The coolant pipe gasket arrived Wednesday afternoon and I spent Thursday, Friday and part of today installing it. I suspended the gasket with a string tied above the head, threaded thru one of the gasket bolt holes, back up around a pipe above the head and down where I could pull while under the vehicle. I guided it between the coolant pipe flange and the head with a long screwdriver as I slowly pulled the string. Once in position I inserted some long, slender bolts thru the flange to hold the gasket in place while I carefully pulled the string out of the gasket. I soon found that the M7-1.0x20 mm bolts I had purchased were too short. I had one spare 30mm bolt that I added a washer to and inserted in the lower hole. Then I robbed a 30mm flange bolt from one of the camshaft sprockets for the upper fastener. There is a slow drip after I snugged the bolts and added water to the cooling system. I'll torque the bolts properly once I get the correct flange bolts from an online dealer.

The engine started easily and idled smoothly while warming up. The only type of leak I don't have is fuel. There's an ATF leak as previously described, the coolant leak drip, an engine oil leak that drips from the rear of the oil pan near the drain plug, and one or more exhaust leaks. I didn't have a time to locate the origins of the newly detected leaks nor check the turbo for oil or coolant leaks. I'm disappointed about the exhaust leak(s) because I have torqued the exhaust manifold stud nuts to specification. I'll listen with a hose to try and determine if the leaks are between the manifold and the head, the manifold and the turbo or the turbo and the downpipe. I wouldn't be surprised if the previous mechanic reused the exhaust manifold gaskets or even left one or more (there are 5) of them out.

I only had time for the engine to idle about 10 minutes so it didn't reach normal operating temperature. Even so, I pulled the plugs, disabled the fuel pump and ignition and checked the compression. For each cylinder the compression maximized after 5 compressions as follows:
1: 125
2: 138
3: 142
4: 153
5: 117

I was glad to see that #5 had increased from the previous 60 psi to 117 but all cylinders are below the specified 156 to 185 psi. I know from previous testing that the compression will increase if I add oil which indicates poor piston compression ring sealing. I'm thinking about adding a measured amount of Sea Foam to each cylinder and letting it soak the top ring for several days while cranking the engine each day. Since the engine has only run for 10 minutes after sitting for more than a year I'm not willing to pull it for rebuild at this point.
 






Interesting, Dale. What's the over/under of the seafoam soak working on the rings? Are you nearing a crossroads with the car do you think?
 






Sea Foam Motor Treatment

Interesting, Dale. What's the over/under of the seafoam soak working on the rings? Are you nearing a crossroads with the car do you think?

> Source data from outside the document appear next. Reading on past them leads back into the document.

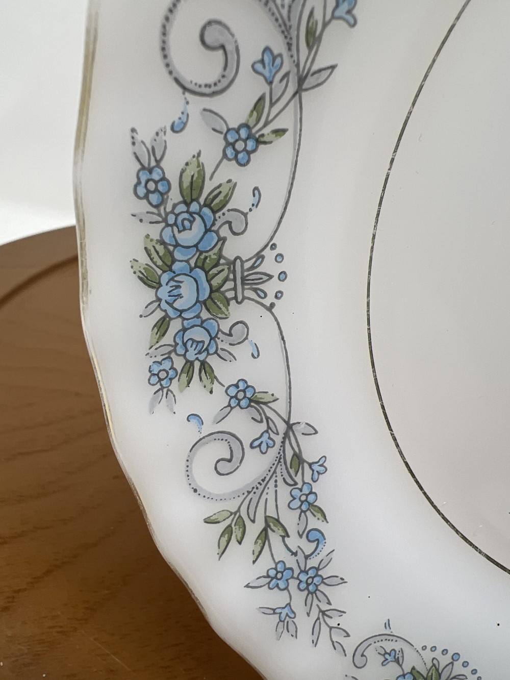 Pair of Milk Glass Dessert Plates; approx 8”; minimalGold paint loss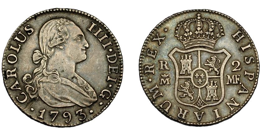 CARLOS IV. 2 reales. 1793. Madrid. MF. VI-522. MBC/MBC+. Escasa.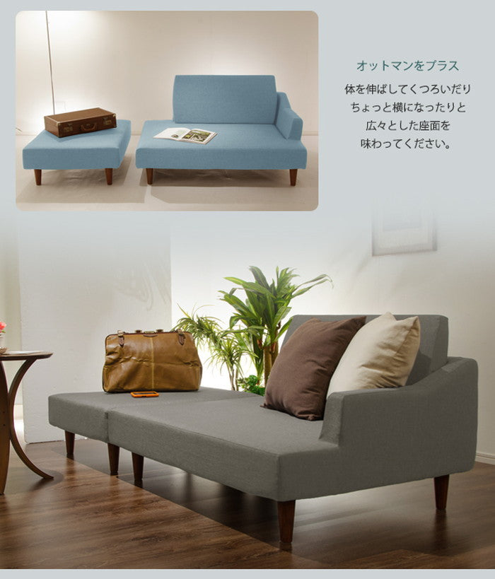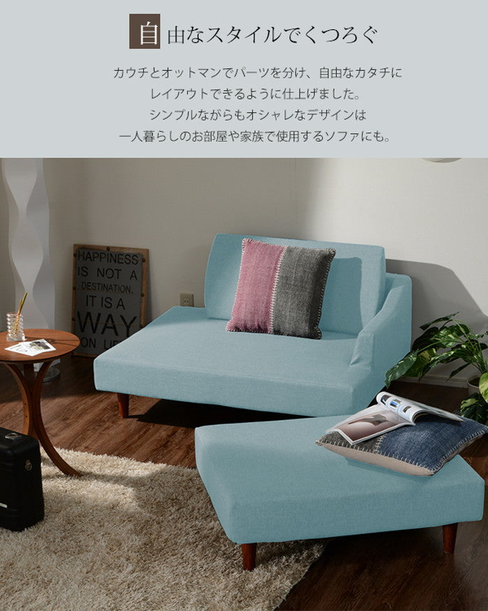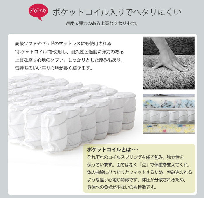 | 商品説明 | コンパクトでもゆったりすわれるポケットコイル入りカウチソファ 安心の日本製 オットマンつき |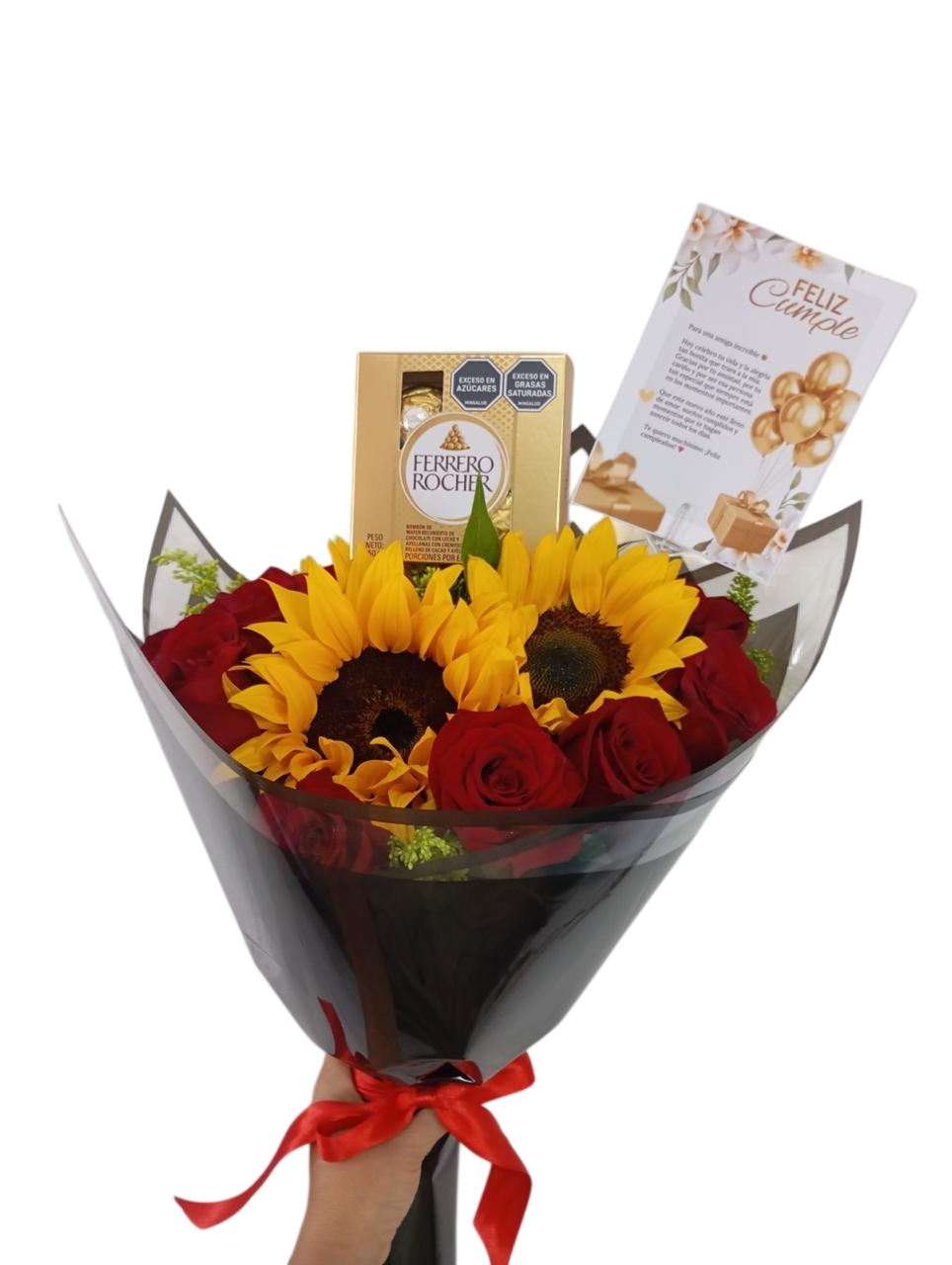 Bouquet de rosas y girasoles más caja x4 de ferrero.

I have never been receptive to burning Sea Foam in my engine because of the extensive carbon deposits it releases from the intake system that can foul the plugs and collect on the valves. However, it is advertised that is "liquefies gum and varnish deposits or internal engine contaminents, removing carbon deposits, freeing sticky valve lifters and rings . . ." By adding it directly to the combustion chamber thru the spark plug holes and letting it seep past the rings into the crankcase it will lubricate the rings and cylinder walls (when the engine is cranked). I will suction out all the Sea Foam remaining on the piston tops before reinstalling the spark plugs. Then I'll add some Sea Foam or Gunk engine flush to the crankcase.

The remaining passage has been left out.